[Saved entries]

---

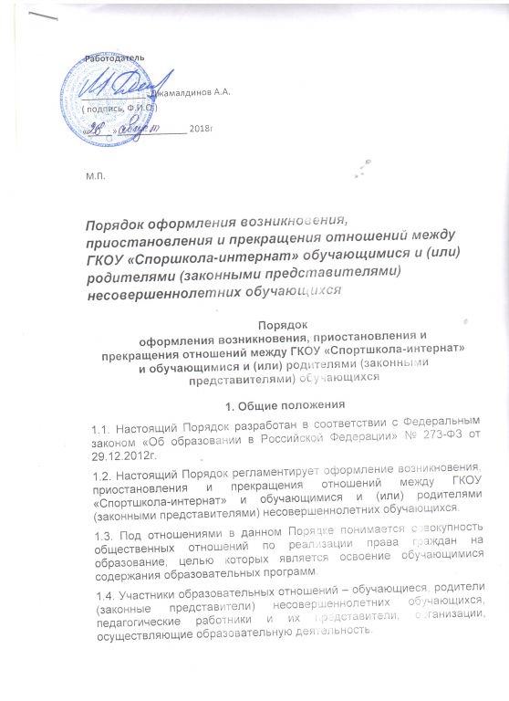 Порядок оформления возникновения, приостановления и прекращения отношений между образовательной организацией и обучающимися (воспитанниками) и (или) родителями (законными представителями) несовершеннолетних
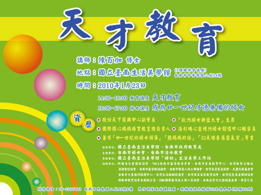迎蒞臨 1月23日 「天才教育」&「成為廿一世紀才德兼備的婦女」臺南生活美學館!
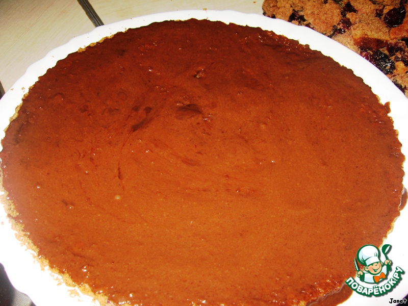 Нижний корж положить на блюдо и залить шоколадным кремом
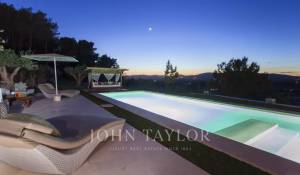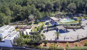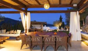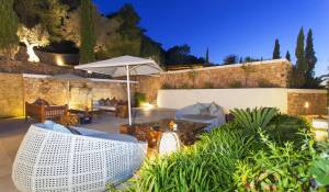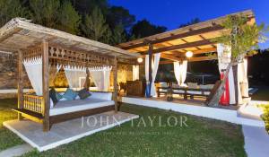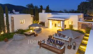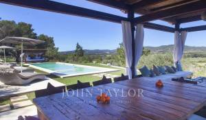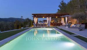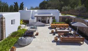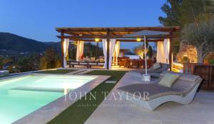 Esta finca fusiona la arquitectura tradicional ibicenca con toques balineses y una decoración contemporánea. La zona de la piscina, con impresionantes vistas, ofrece tumbonas, una cama balinesa con dosel y un gazebo con comedor y cocina al aire libre, creando el escenario perfecto para momentos inolvidables.
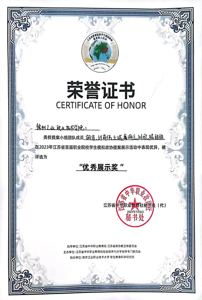 近日,江苏省首届职业院校学生模拟政协提案展示活动在南京工业职业技术大学举办。来自全省19所职业院校、百余名大学生报名参加了活动,近万名观众在线观看活动直播。由捕鱼达人破解版 学生胡佳、刘莉伟、王诚、鲁海玉、刘欣、陆甜甜组成的模拟政协团队荣获“优秀提案奖”和“优秀展示奖”,孙苗苗老师获评“优秀指导教师”。

---

EXERCISE DETAILS
Extract every line of the data exactly; pictures stay out.

ANSWER BOX
 Порядок оформления возникновения, приостановления и прекращения отношений между образовательной организацией и обучающимися (воспитанниками) и (или) родителями (законными представителями) несовершеннолетних
迎蒞臨 1月23日 「天才教育」&「成為廿一世紀才德兼備的婦女」臺南生活美學館!
 Нижний корж положить на блюдо и залить шоколадным кремом
 Esta finca fusiona la arquitectura tradicional ibicenca con toques balineses y una decoración contemporánea. La zona de la piscina, con impresionantes vistas, ofrece tumbonas, una cama balinesa con dosel y un gazebo con comedor y cocina al aire libre, creando el escenario perfecto para momentos inolvidables.
 近日,江苏省首届职业院校学生模拟政协提案展示活动在南京工业职业技术大学举办。来自全省19所职业院校、百余名大学生报名参加了活动,近万名观众在线观看活动直播。由捕鱼达人破解版 学生胡佳、刘莉伟、王诚、鲁海玉、刘欣、陆甜甜组成的模拟政协团队荣获“优秀提案奖”和“优秀展示奖”,孙苗苗老师获评“优秀指导教师”。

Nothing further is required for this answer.